• AMC moves from cinema to rollercoaster as the stock swings wildly.
  • AMC announced a share offering that caused shares to tank 30%.
  • Retail fights back, and AMC bounces to close down 18%.

Update June 7: AMC Entertainment Holdings Inc (NYSE: AMC) remains under pressure after a report that Wall Street banks are becoming more cautious in their dealing with “meme-stock.” Extreme volatility has led several institutions to demand more collateral when operating in shares such as AMC, GME, Microvision and others. AMC, the Kansas-based movie theater firm, suffered from two days of losses and closed Friday’s session at $47.91. However, it is essential to note that the equity leaped by 400% in one month.

AMC may as well open up a rollercoaster experience as investors in the stock certainly like the motion sickness from trading in the shares. Or perhaps with all this money they can easily raise they can just buy a few theme parks. Either way, the market appears to be rewarding AMC for raising a bucket of cash as the stock refuses to abide by the normal rules. Traders were buoyed on Tuesday by the announcement that Mudrick Capital had bought shares in AMC, enabling the cinema operator to raise cash and go on the offensive. However, in a late-day twist, Mudrick said they had sold their entire position as they thought AMC to be overvalued, according to Bloomberg. This appears to have emboldened traders on the various social media sites who have pushed the stock to new highs during Wednesday’s premarket. Mudrick reaped a nice profit for a quick trade, and there is nothing wrong with that. The shares were not subject to a lock-up, so Mudrick was free to do as they wished. However, the move continued even as news of Mudrick selling out hit the tape. In fact, the increased attention brought onto AMC from the Mudrick saga appears to have increased the social media discussion rate leading to more and more buying power entering.

Thursday saw the stock surge again in the premarket, but the announcement by AMC of a further share sale hit the share price hard. AMC announced it would sell up to 11.55 million shares to raise further cash and improve the balance sheet. Given the volume and surge in the price, it seemed the obvious thing to do. If the market offers you up free cash, you should take it. Thursday’s share sale was reported by Reuters to have netted the company $587.4 million on top of the $230 million raised from the Mudrick transaction. AMC said the funds raised will be used to repay debt and for potential acquisitions of theatres.

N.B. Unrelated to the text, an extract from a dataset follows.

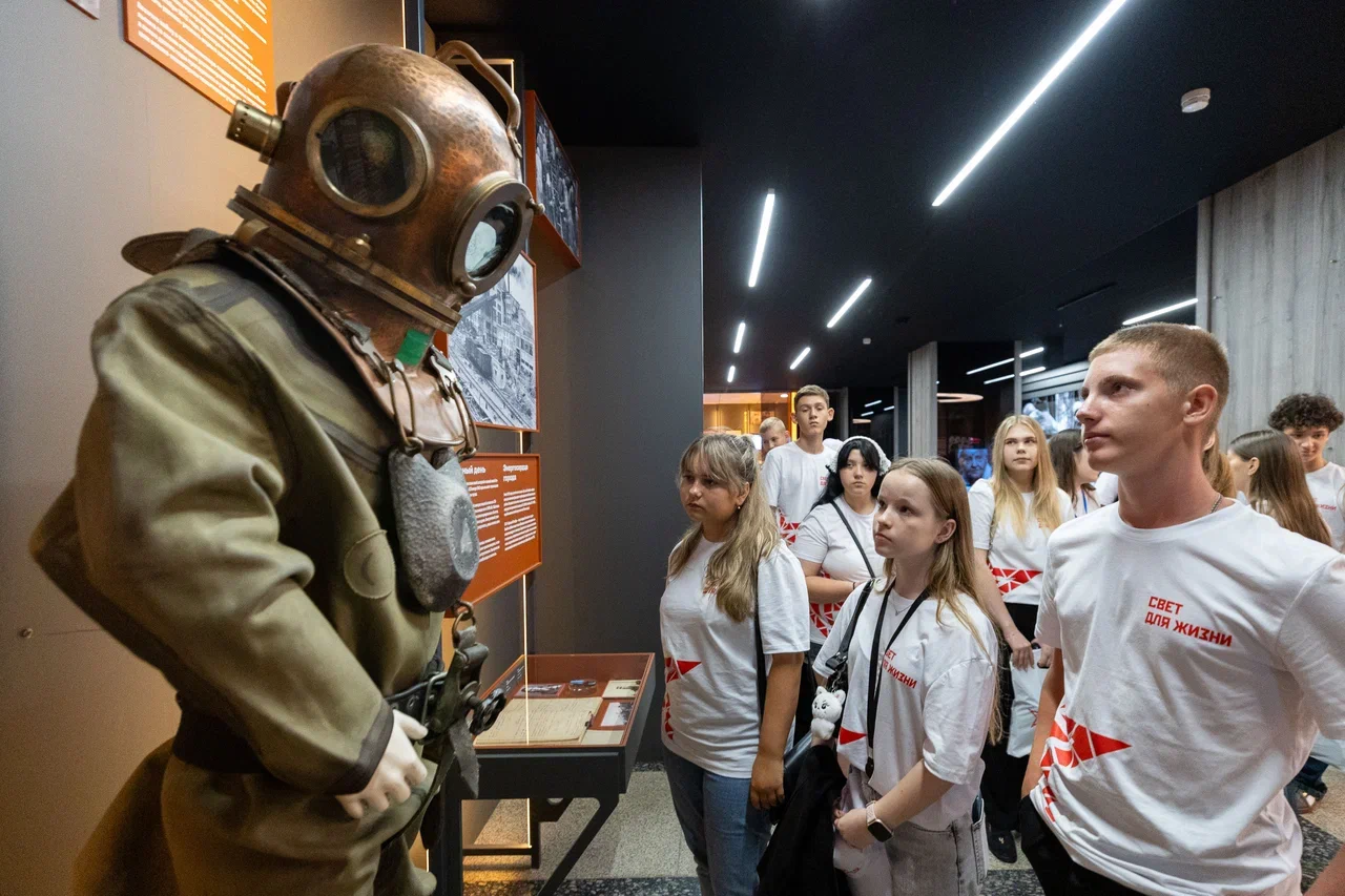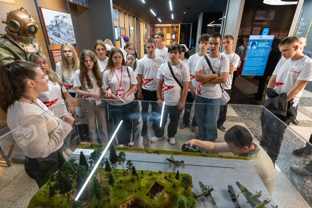 Ребята уже побывали на экскурсии по уникальной иммерсивной экспозиции Музея Победы «Подвиг Народа» и осмотрели выставку музея «Дважды победители», которая рассказывает о вкладе топливно-энергетического комплекса страны в Победу.

In yet another development, how many sequels can this have, the company has returned to shareholders asking them to authorize the issuance of 25 million new shares in 2022. AMC’s share count is up over 300% since the start of 2020 as the company continually raises cash to fend off the challenges of the pandemic. AMC had filed to issue 500 million new shares, but this plan was dropped in April as shareholders appeared not to be in favour of it. This new plan to issue 25 million new shares was discussed on the Youtube channel Trades Trey, favoured by many of the new retail R/WallStreetBets traders. The CEO is having to draw a fine line between asking for shareholder support, saying “If you arm us with the tool — meaning stock as the tool — to go find value-creating opportunities for AMC shareholders, we can do that. If we are not armed with this tool, then you’re tying our hands behind our back and you’ll make it just that much harder for us to land some of these attractive opportunities that could benefit us all,” and cautioning against the moves in AMC’s share price. The SEC filing contained some strong warnings about the volatility of the share price: “Within the last seven business days, the market price of our Class A common stock has fluctuated from an intra-day low of $12.18 on May 24, 2021 to an intra-day high of $72.62 on June 2, 2021, and we have made no disclosure regarding a change to our underlying business during that period, other than with respect to an additional financing. Under the circumstances, we caution you against investing in our Class A common stock, unless you are prepared to incur the risk of losing all or a substantial portion of your investment.” A strong statement indeed.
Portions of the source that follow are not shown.